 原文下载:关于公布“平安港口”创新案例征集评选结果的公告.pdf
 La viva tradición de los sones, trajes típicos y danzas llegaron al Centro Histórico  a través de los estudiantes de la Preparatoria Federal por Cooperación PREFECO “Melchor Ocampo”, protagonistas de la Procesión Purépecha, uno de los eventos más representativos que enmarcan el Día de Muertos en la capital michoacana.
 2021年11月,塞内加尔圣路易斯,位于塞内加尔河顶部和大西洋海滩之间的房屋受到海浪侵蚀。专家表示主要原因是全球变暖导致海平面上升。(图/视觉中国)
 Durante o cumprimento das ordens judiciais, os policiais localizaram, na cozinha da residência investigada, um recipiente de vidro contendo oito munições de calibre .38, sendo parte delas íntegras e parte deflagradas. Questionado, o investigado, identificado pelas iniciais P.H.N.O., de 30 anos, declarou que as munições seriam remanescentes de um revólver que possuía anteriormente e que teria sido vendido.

...

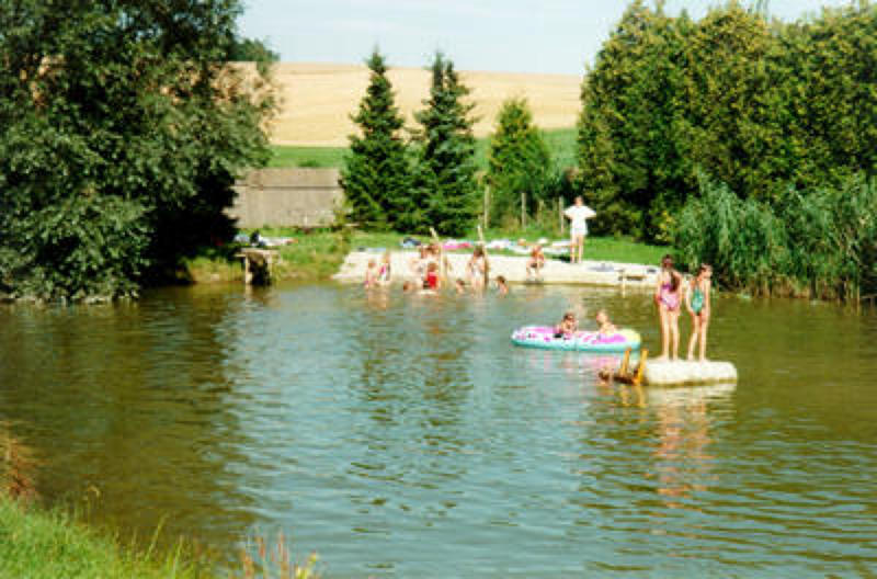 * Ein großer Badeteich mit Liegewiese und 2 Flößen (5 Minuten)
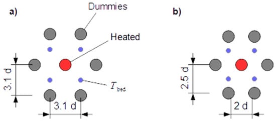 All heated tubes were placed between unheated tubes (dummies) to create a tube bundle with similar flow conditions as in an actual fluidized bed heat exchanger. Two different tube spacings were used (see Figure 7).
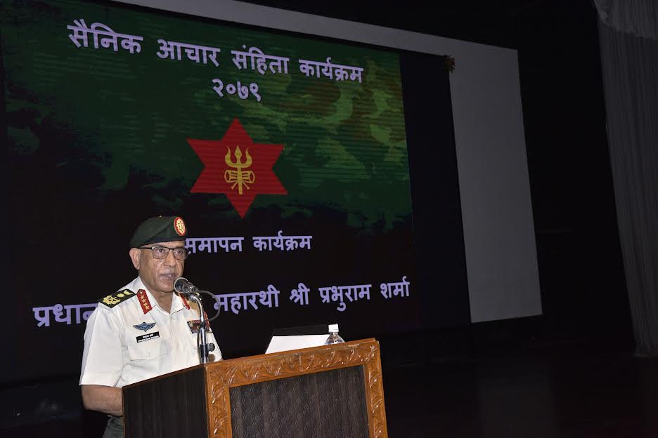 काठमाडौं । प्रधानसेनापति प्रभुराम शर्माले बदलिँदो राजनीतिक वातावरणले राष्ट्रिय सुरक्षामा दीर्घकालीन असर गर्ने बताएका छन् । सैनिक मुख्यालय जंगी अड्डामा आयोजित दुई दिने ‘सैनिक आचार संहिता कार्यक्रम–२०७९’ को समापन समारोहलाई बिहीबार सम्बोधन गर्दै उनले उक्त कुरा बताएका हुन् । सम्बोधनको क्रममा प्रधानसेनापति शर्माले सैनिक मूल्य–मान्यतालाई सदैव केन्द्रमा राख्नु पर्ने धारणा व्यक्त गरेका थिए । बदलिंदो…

Task statement ▸
Both the line containing "Flößen (5 Minuten)" and the line containing "All heated tubes" above belong in the output, as do the lines between them. Print them exactly, without pictures.

Result of the exercise ▸
 * Ein großer Badeteich mit Liegewiese und 2 Flößen (5 Minuten)
 All heated tubes were placed between unheated tubes (dummies) to create a tube bundle with similar flow conditions as in an actual fluidized bed heat exchanger. Two different tube spacings were used (see Figure 7).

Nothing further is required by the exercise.